- _Entries supplied_

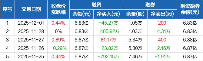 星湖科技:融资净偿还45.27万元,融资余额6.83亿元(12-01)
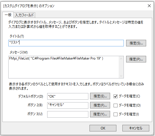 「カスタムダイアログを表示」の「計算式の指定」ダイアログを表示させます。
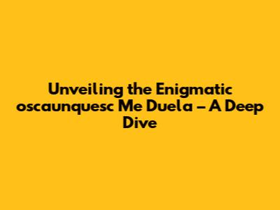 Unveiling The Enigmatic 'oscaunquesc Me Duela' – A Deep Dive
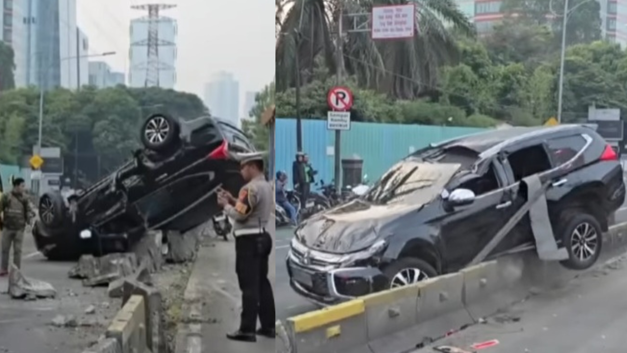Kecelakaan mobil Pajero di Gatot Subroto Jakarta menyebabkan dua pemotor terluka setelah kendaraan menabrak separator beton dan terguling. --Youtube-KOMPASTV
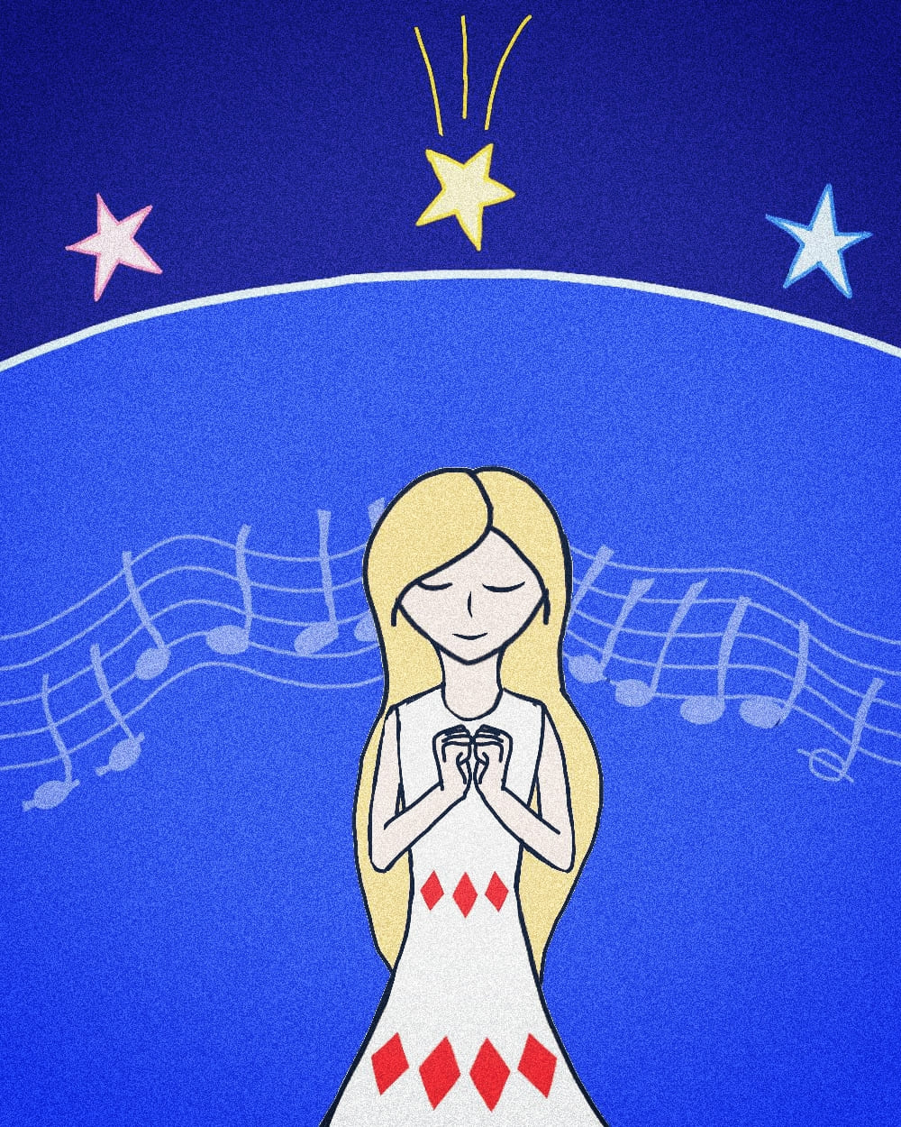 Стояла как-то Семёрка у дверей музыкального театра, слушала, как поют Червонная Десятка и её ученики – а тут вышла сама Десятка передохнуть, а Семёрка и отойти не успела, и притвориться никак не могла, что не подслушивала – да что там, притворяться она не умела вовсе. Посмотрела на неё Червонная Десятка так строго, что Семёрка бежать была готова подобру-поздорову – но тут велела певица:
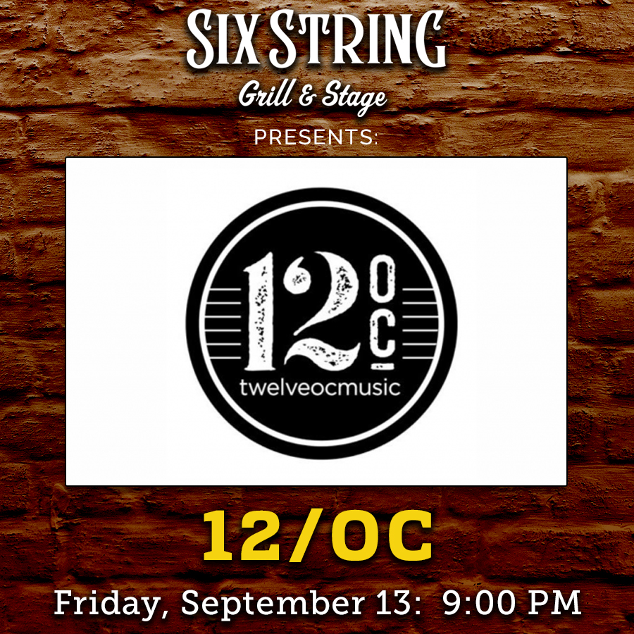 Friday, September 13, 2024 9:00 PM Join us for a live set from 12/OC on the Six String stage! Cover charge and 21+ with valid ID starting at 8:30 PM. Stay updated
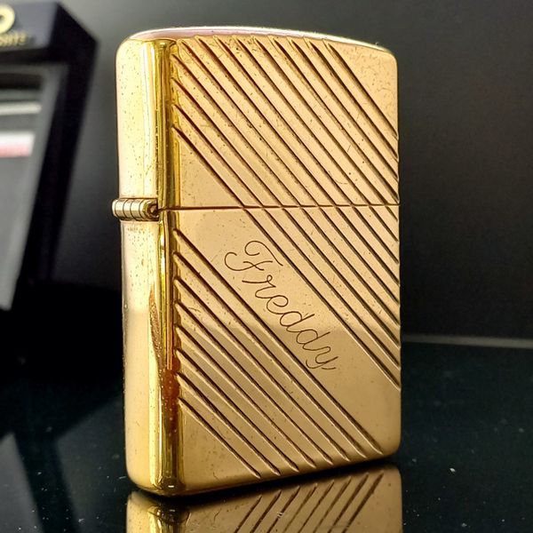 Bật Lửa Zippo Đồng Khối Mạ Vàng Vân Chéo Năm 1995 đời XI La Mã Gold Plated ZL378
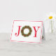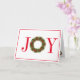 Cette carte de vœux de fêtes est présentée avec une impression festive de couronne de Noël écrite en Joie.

- _Work required_
Reproduce only the lines from the first line of the listing above up to and including the line that holds "Kecelakaan mobil Pajero". Omit the pictures.

- _Result_
 星湖科技:融资净偿还45.27万元,融资余额6.83亿元(12-01)
 「カスタムダイアログを表示」の「計算式の指定」ダイアログを表示させます。
 Unveiling The Enigmatic 'oscaunquesc Me Duela' – A Deep Dive
Kecelakaan mobil Pajero di Gatot Subroto Jakarta menyebabkan dua pemotor terluka setelah kendaraan menabrak separator beton dan terguling. --Youtube-KOMPASTV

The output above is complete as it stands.